SIMON SCOTT – LONG DROVE
I initially thought Long Drove was a linguistic twist of a ‘long drive’, and wondered what this past tense might exactly mean musically. But it turned out to be a reference to a location near where Simon Scott lives: the connective pathway between two nature reserves called Holme Fen and New Decoy.
So, Long Drove is ‘a site-specific sound study which shifts the Anthropocene discourse from spectatorship to musical participation, accountability, and creative engagement.’
‘One can almost hear Scott’s thought processes within these five compositions, of what the Fens would sound like if submerged and flooded by water again, returning to its original marshland state as a result of climate change, as the field recordings dissipate and unfurl with melancholic washes of decaying tape loops and digitally processed textures of Fenland sonorities.’
Ambient music often has a close connection to landscapes – whether imaginary or not – who isn’t yet familiar with Brian Eno’s Ambient 4 (On Land) should immediately check it out. Simon Scott’s interpretation of the surroundings is sounding a lot more urgent than Eno’s sonic landscape though. After all, we’re 40 years on from then – many years of increasing climate changes and impending disasters.
But the impending doom of climate change is not the main subject here: it is all about the combination of different sonic characteristics within the same location: ‘each season I’d return to observe the sonorities of wildlife merge and coalesce with the hum of the long telephone wires that stretch across the wide and flat Fens.’
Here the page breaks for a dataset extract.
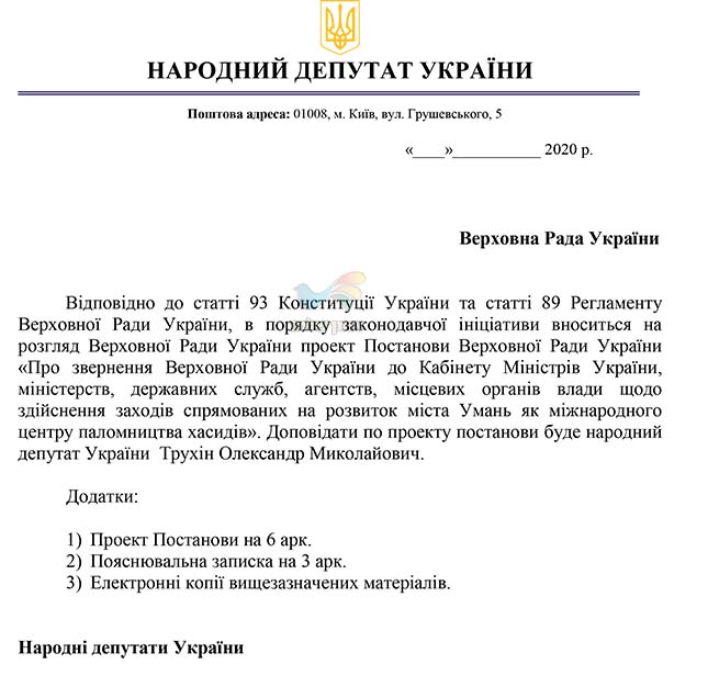 הדרישות לקידום התוכנית בפרלמנט: הכנת תוכנית מקיפה לפיתוח התיירות והעלייה לרגל בעיר אומן, תוכנית פיתוח וחידוש כלל התשתיות באזור קברו של רבי נחמן מברסלב. תוכנית לעידוד יזמים ומשקיעים על ידי מתן ערבויות מדינה במטרה לעודד יזמים להשקיע בפרוייקט, הכנת תכנון להקמת שדה תעופה בינלאומי באומן, שחזור בית הכנסת, מוזיאון היסטורי, ומקומות היסטוריים ליהודים, כולל שיפוץ ושימור אתרי מורשת והקצעתם למטרות היסטוריות, שיפור רמת בתי החולים והמוסדות הרפואיים באומן הכולל אספקת ציוד רפואי דרוש, תכנון הפעלת קווי אוטובוסים ורכבות חדשים שיחברו בין מרכזי אוקראינה וערים נוספות.

The ‘connective pathway’ of Long Drove thus also connects the (manipulated) field recordings with Simon Scott’s modular synth system ‘to gradually tease out submerged hidden melodies.’
MARTINA BERTONI – HYPNAGOGIA
Martina Bertoni only recently began releasing music under her own name (2 EP’s in 2018 and 2019, and the albums All The Ghosts Are Gone and Music For Empty Flats (both released in 2020). But long before that, she participated with Teho Teardo in Modern Institute, who released Excellent Swimmer way back in 2006.
As a cellist, her work ‘is based on deconstructing the relationship with her own instrument by combining acoustic sound, repetition, electronics and elements of improvisation.’ The cello may be the sound source, but its sound is heavily ‘processed, adding reverb, feedback and sub-bass frequencies and thus creating sonic sculptures, rich of atmospheres and frictions.’
Hypnagogia refers to ‘a transitional state of consciousness from wakefulness to sleep, during which one
might experience sensorial hallucinations and lucid dreaming, and can tap into the pristine structures of the subconscious.
A perfect description too for the soundscapes Bertoni creates on the album with the same name. The tracks were partially inspired by Stanislaw Lem’s book Solaris. Everyone that has read that book, or has seen the classic film adaptation by Tarkovski will easily recreate the atmosphere while listening to this highly cinematic music.